I am not a pro at mind games, so I will be direct and ask, “are you or are you not going to offer me snacks?”
The worst part of working from home is not being able to take office supplies from work anymore, now I just have to shoplift them like an ordinary schmo
The ultimate power move is signing emails “kind regards” because it implies there are kinder regards but they didn’t deserve them
Anyone else notice the world starting to get worse after Iron Man died?
King: For the last time, what’s your SURNAME?!
Sir Name: *staring, eyelid twitching in frustration*
Satisfied that he had all the ingredients he needed, Phineas moved on to the next big question – how to get it into the dog’s food.
Her: You’re really rockin’ those white pants.
Me: These are my legs.
Being a parent isn’t just a job it’s a way of life. Like coal mining, or deep sea fishing, or ice road trucking….really any job that’s actively trying to kill you.
I’ve been told in the past that training with cats was difficult. It’s really not. Mine had me trained within a day.
Keanu Reeves: THERE’S A BOMB ON THE BUS! IF WE GO UNDER 50MPH WE’LL EXPLODE!

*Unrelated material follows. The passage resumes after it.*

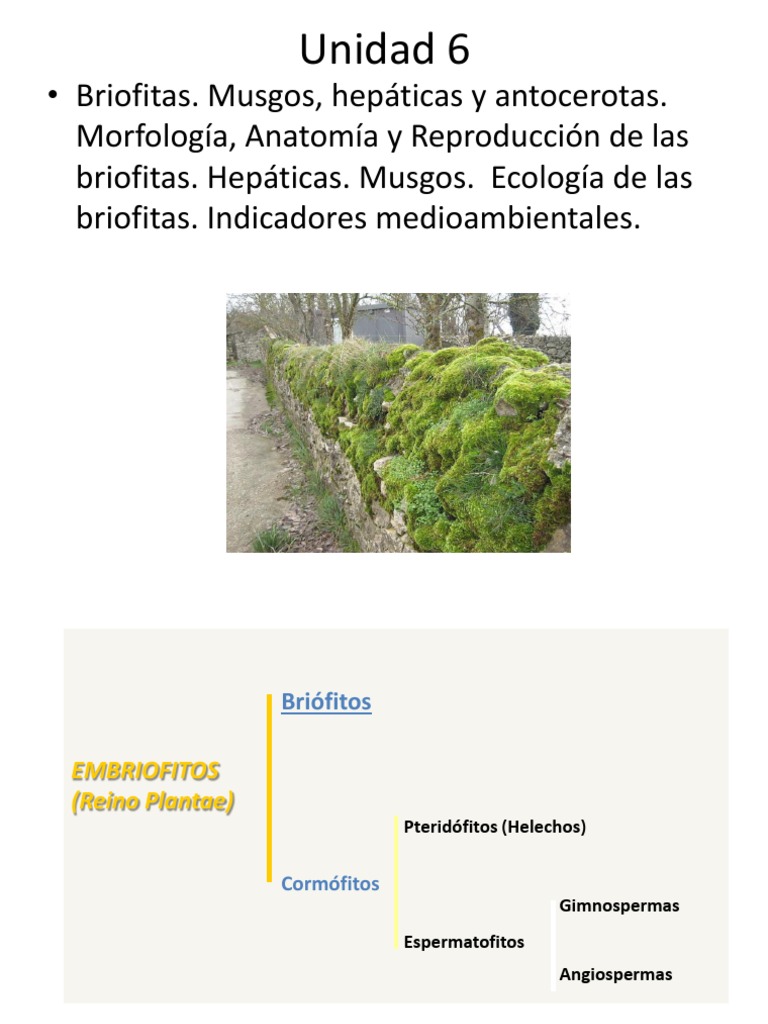 Briofitas. Musgos, hepticas y antocerotas. Morfologa, Anatoma y Reproduccin de las briofitas. Hepticas. Musgos. Ecologa de las briofitas.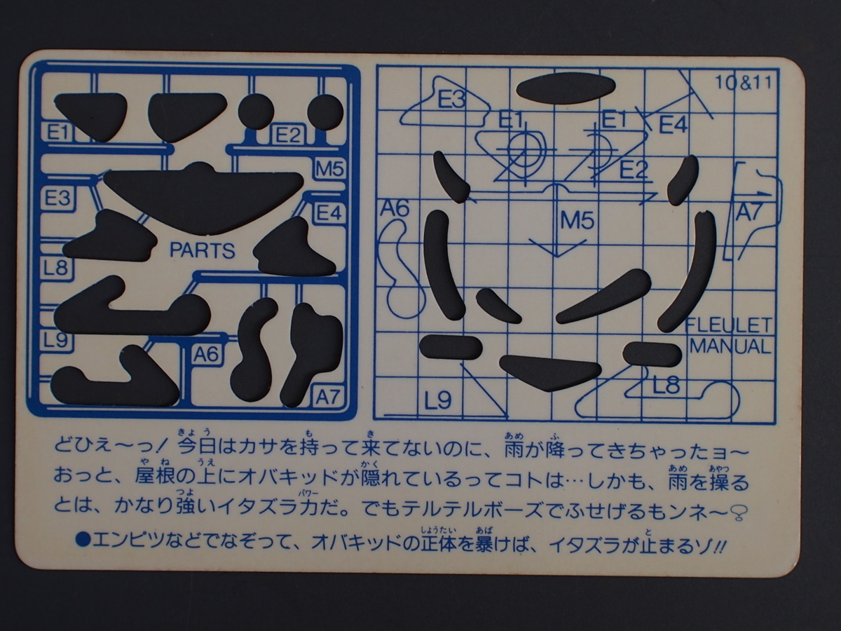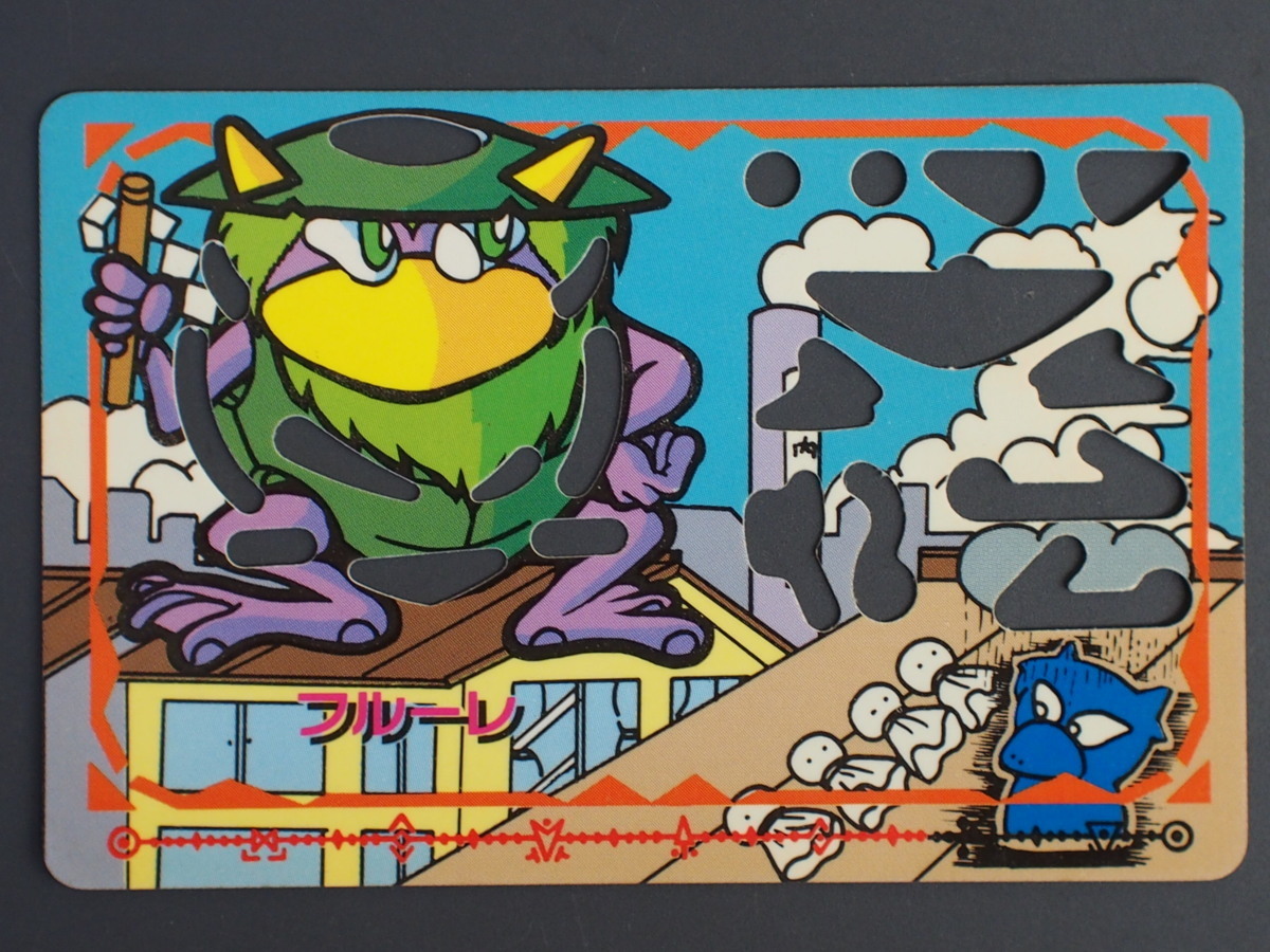 | 商品説明・コメント | 超マイナーカード、カネボウ食品の君はオバキッドをみたか?!のカードです。 「君のまわりにオバキッドはひそんでる。」のキャッチフレーズでカネボウ食品から発売された妙なカードです。 最近、身のまわりにおかしなことがよく起こっているキミ、それは、オバキッドのイタズラのせいなんだ。 彼らの正体を見つけ出し、イタズラをやめさせて、楽しくいこうぜ!! と言った触れ込みでカードの空洞を鉛筆等でなぞるとオバキッドの正体が暴けてイタズラが止まるとの実にくだらないカードでは御座いましたが流石に不人気で実存数も減ってきたカードです。 出品物は前述の通り、穴をなぞりオバキッドの正体を暴いた跡は御座いませんのでご安心下さいませ。 カードブームの中の最後発のカードに位置し一部では人気でしたがコレクションカードとしての知名度は低く、現存数は中々残っていないのが現状のマイナーカードです。 依って必然的にコンプリートがかなり困難なカードシリーズでもあります。 当時物なので状態は年式相応にはなりますがコレクションして頂くには充分だと思われます。 前述の通り、現存も少なくなり中々市場に現れる事が無くなって来ましたのでマニア必見です。 商品の仕様の詳しくは御自身でお調べ頂きます様にお願い致します。 古いカードになりますので全てに於いてオリジナルを保証する物では御座いません。 状態に尽きましては写真にて御確認頂けます様御願い致します。 写真では御確認頂けない不具合等もある前提で原則ジャンク扱いにて御考慮下さい。 上記の通り、原則瑕疵担保責任はお受け致しませんので御了承下さいます様御願い致します。 上記の条件を御理解頂けない方の入札はお断り致します。 |

Me: [while maintaining eye contact, presses “Next Stop” signal]
You don’t scare me, you’re not my trimmer with the bent teeth that someone dropped
I’m amazed they make so many cars without turn signals. Seems like that would be a requirement on a vehicle.
If it was really a smart phone it would have recognize that it was an ignored call, not missed.
My wife [sexily] – “why don’t we…turn out the light?”
Me, a moth – “no”
We’re about two years from funerals starting and ending with, “don’t forget to like, share and subscribe.”
When people tell me “You’re gonna regret that in the morning” I sleep in til noon, because I’m a problem Solver
[watching The Avengers]
7YR OLD: daddy, why does Hulk get so angry?
ME: probably because his kid won’t stop asking questions during movies
If you eat a pot brownie and a Ken doll, you’ll poop a Matthew McConaughey.